Вскоре Конкин ушел, и Андрей Сергеевич пригласил нас с Миколой поужинать в ресторане Дома литераторов. По пути к нам присоединился Саша Адабашьян – он, собственно, и рассказал месяцем раньше Кончаловскому, что у его ассистента Наташи Кореневой есть две дочки в возрасте нужной ему героини, после чего меня вызвали в группу «Романса». Сидя за столиком ресторана, Андрей Сергеевич смотрел, как я закуриваю сигарету, разглядывал мои руки и вдруг сказал: «Леночка, у тебя стиль Красной Шапочки, а с этим лаком на ногтях да с сигаретой в зубах ты похожа на Красную Шапочку, которую уже съел Серый Волк». Он был прав и даже сам не представлял, до какой степени – как, впрочем, не представляла этого и я.
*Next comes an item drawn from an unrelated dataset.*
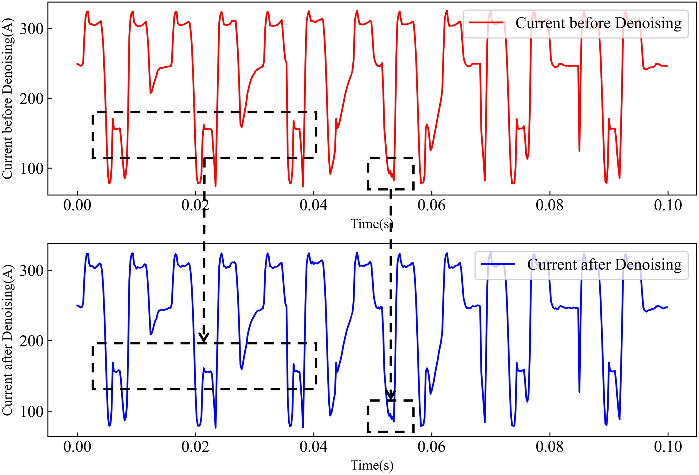 焊接电流:Symlets8小波基去噪(消除高频电弧噪声与电磁干扰)+分帧(500采样点/帧,对应100ms)+汉宁窗加窗(抑制频谱泄漏,窗函数按论文公式(1)设计);

Домой возвращались втроем на машине Кончаловского, уже без Миколы. Бушевала метель или мне так только казалось, но точно помню, что вокруг было белым-бело. Кончаловский начал читать по памяти Пастернака, стихи из цикла «Высокая болезнь» и «Разрыв». Когда он сбивался, забывал нужную строчку или слово, Саша тут же подхватывал. «О ангел, залгавшийся, сразу бы, сразу б…», потом: «Рояль дрожащий пену с губ оближет, тебя сорвет, подкосит этот бред…», «Пью горечь тубероз, ночей осенних горечь…», «Коробка с красным померанцем – моя каморка…» и так далее. Машину повело от счастья, за рулем сидел тридцатипятилетний Кончаловский и в такт стихам и их смыслу выворачивал баранку то вправо, то влево, заставляя машину, словно партнершу в танце, смотреть на восток, затем резко – на запад. Если представить память как музей, где воспоминания словно зафиксированы на кинопленке, то среди самых красивых моментов моей жизни останется и эта дорога зимней ночью, в компании с Пастернаком, Адабашьяном и Кончаловским. Перед тем как проститься, Андрей Сергеевич сунул мне в руку книгу, которую сам прочитал и очень ею дорожил. Она, по его словам, выражала его умонастроения того периода. Тоненькая брошюрка с коричневой бумажной обложкой была пропитана ароматом его духов – пряный горьковатый вкус восточных благовоний. У меня кружилась голова. Книга называлась «Восток и Запад».

Дубль 5

В феврале прошел слух о консервации картины. Андрей Сергеевич лег в больницу, у него открылась язва желудка. Группа «Романса о влюбленных» была расформирована, и мою маму открепили от картины. Для меня наступило время догадок и сомнений, гадания: веришь не веришь, чет или нечет, сбудется не сбудется. Оставшись в информационном вакууме, я тем не менее чувствовала, что существует какая-то связь через пространство и эфир с тем, кого звали Андреем Сергеевичем. Он отметил наши встречи невидимыми символами и знаками, которые не могли так просто исчезнуть. Я закрывала глаза, они высвечивались ярче и говорили: будет, будет, будет… И может, даже хорошо, что наступила пауза, может, он играет в то, что болен, оттягивает время, чтобы понять, переболеть и решить что-то для себя, для меня… Я не знала «что», но чувствовала: он решает и решаю я.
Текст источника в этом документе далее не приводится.